• **TASK GOAL**: Would you please transcribe, exactly as written, the lines of the entries below starting at the one that holds "Solltest du dich" and ending at the one that holds "Ahead of the", both included?

• **INPUT DATA**:
........

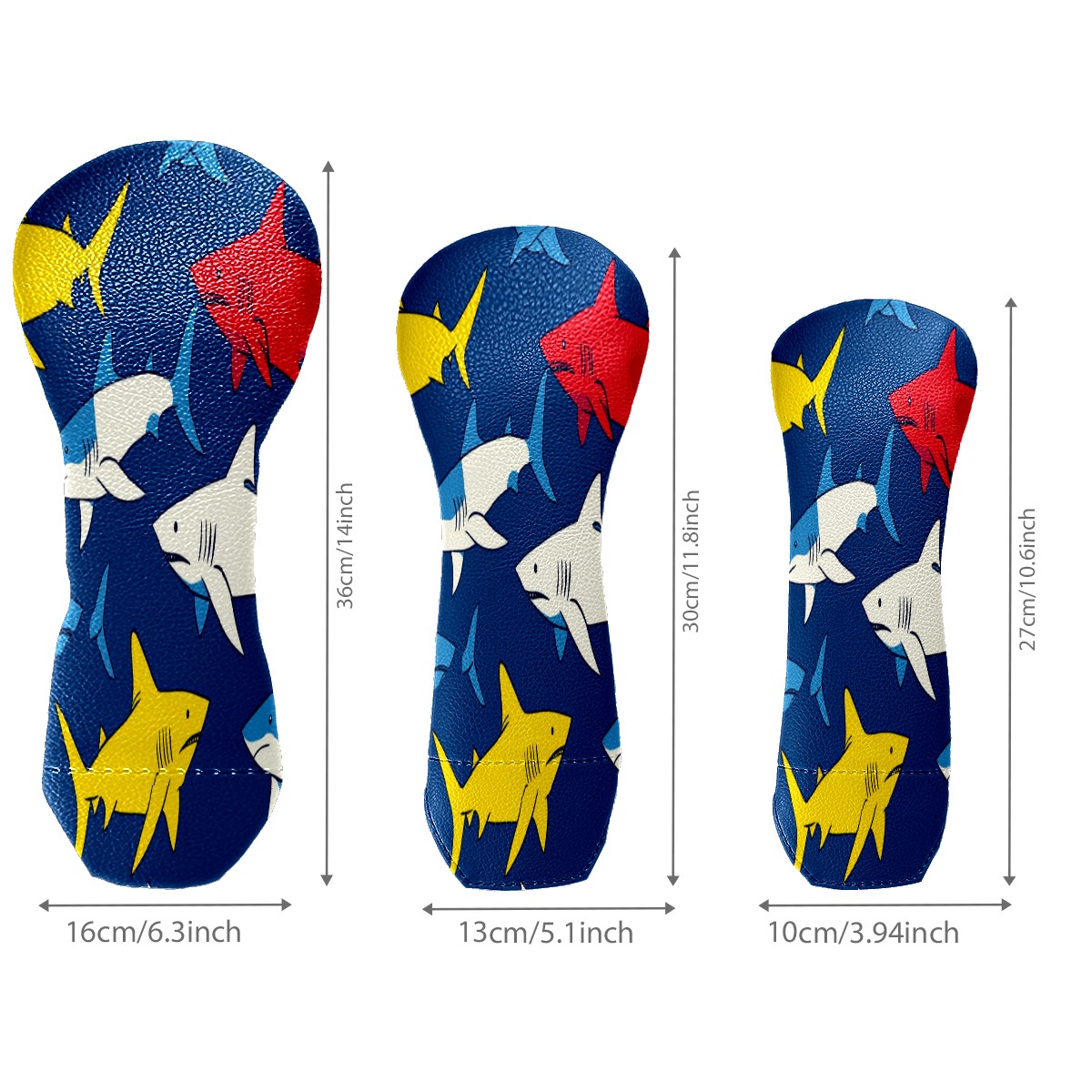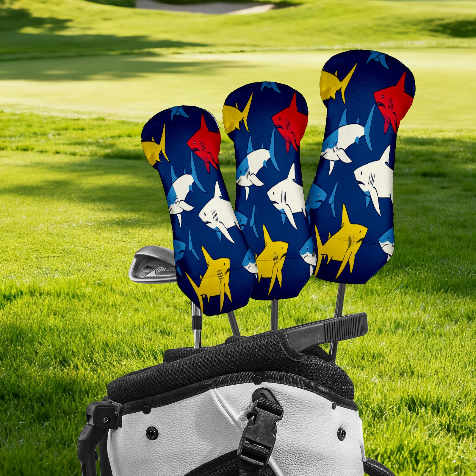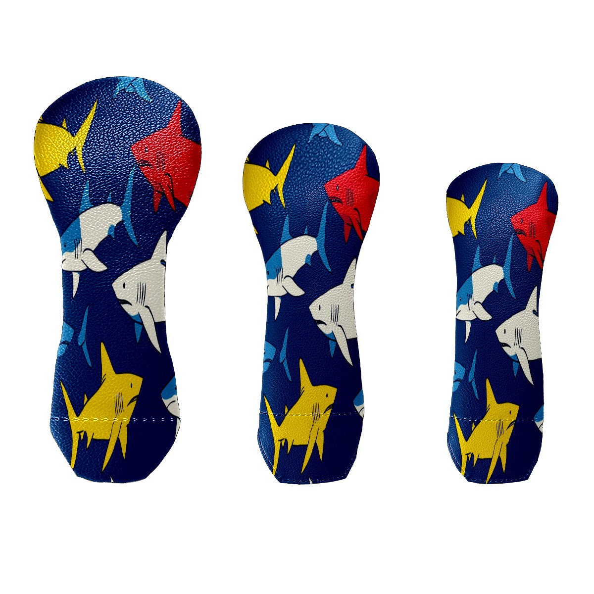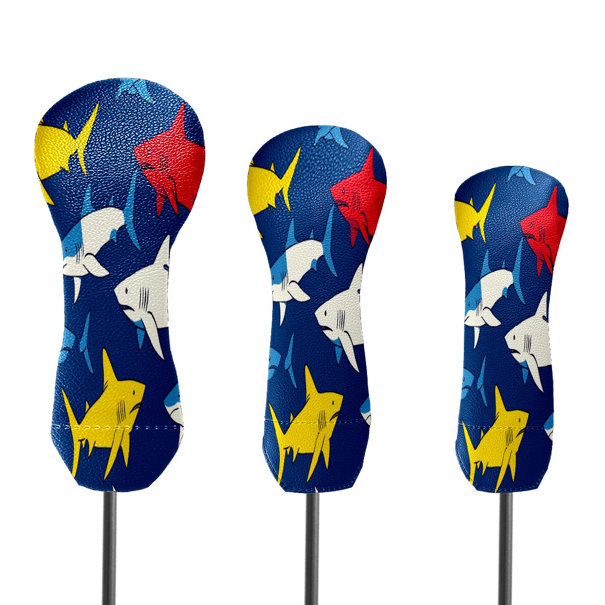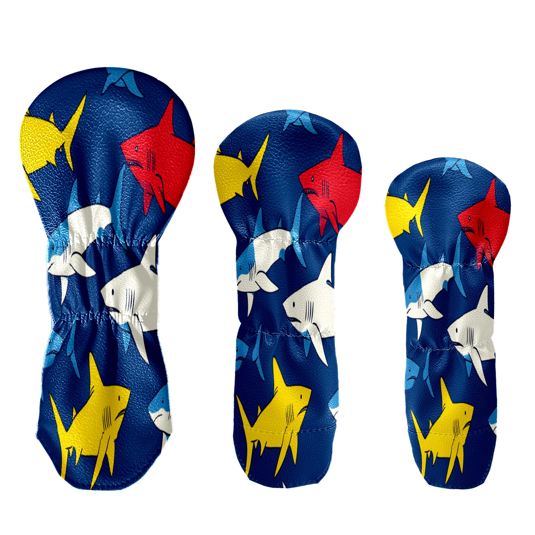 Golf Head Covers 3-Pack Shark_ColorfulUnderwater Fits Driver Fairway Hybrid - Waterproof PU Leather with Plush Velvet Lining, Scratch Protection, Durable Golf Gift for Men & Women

........

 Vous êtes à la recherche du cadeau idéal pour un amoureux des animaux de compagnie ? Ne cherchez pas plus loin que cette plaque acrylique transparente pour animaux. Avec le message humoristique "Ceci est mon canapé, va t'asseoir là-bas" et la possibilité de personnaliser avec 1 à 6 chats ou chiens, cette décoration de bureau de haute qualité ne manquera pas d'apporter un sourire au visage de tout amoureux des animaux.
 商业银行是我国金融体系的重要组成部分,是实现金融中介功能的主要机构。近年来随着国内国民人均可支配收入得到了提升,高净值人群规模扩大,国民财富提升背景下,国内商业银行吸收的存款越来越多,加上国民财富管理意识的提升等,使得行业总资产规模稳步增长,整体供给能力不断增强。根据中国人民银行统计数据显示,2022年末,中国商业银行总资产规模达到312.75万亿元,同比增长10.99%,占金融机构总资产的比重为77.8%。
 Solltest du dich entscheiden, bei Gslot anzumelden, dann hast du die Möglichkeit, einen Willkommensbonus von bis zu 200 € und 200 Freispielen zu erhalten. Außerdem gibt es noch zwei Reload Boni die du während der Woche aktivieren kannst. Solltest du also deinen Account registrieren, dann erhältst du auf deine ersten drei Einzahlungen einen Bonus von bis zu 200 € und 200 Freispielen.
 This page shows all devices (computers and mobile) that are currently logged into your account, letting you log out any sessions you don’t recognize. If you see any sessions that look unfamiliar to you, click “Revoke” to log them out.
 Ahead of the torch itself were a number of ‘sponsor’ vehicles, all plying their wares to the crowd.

........

• **REPLY**:
 Solltest du dich entscheiden, bei Gslot anzumelden, dann hast du die Möglichkeit, einen Willkommensbonus von bis zu 200 € und 200 Freispielen zu erhalten. Außerdem gibt es noch zwei Reload Boni die du während der Woche aktivieren kannst. Solltest du also deinen Account registrieren, dann erhältst du auf deine ersten drei Einzahlungen einen Bonus von bis zu 200 € und 200 Freispielen.
 This page shows all devices (computers and mobile) that are currently logged into your account, letting you log out any sessions you don’t recognize. If you see any sessions that look unfamiliar to you, click “Revoke” to log them out.
 Ahead of the torch itself were a number of ‘sponsor’ vehicles, all plying their wares to the crowd.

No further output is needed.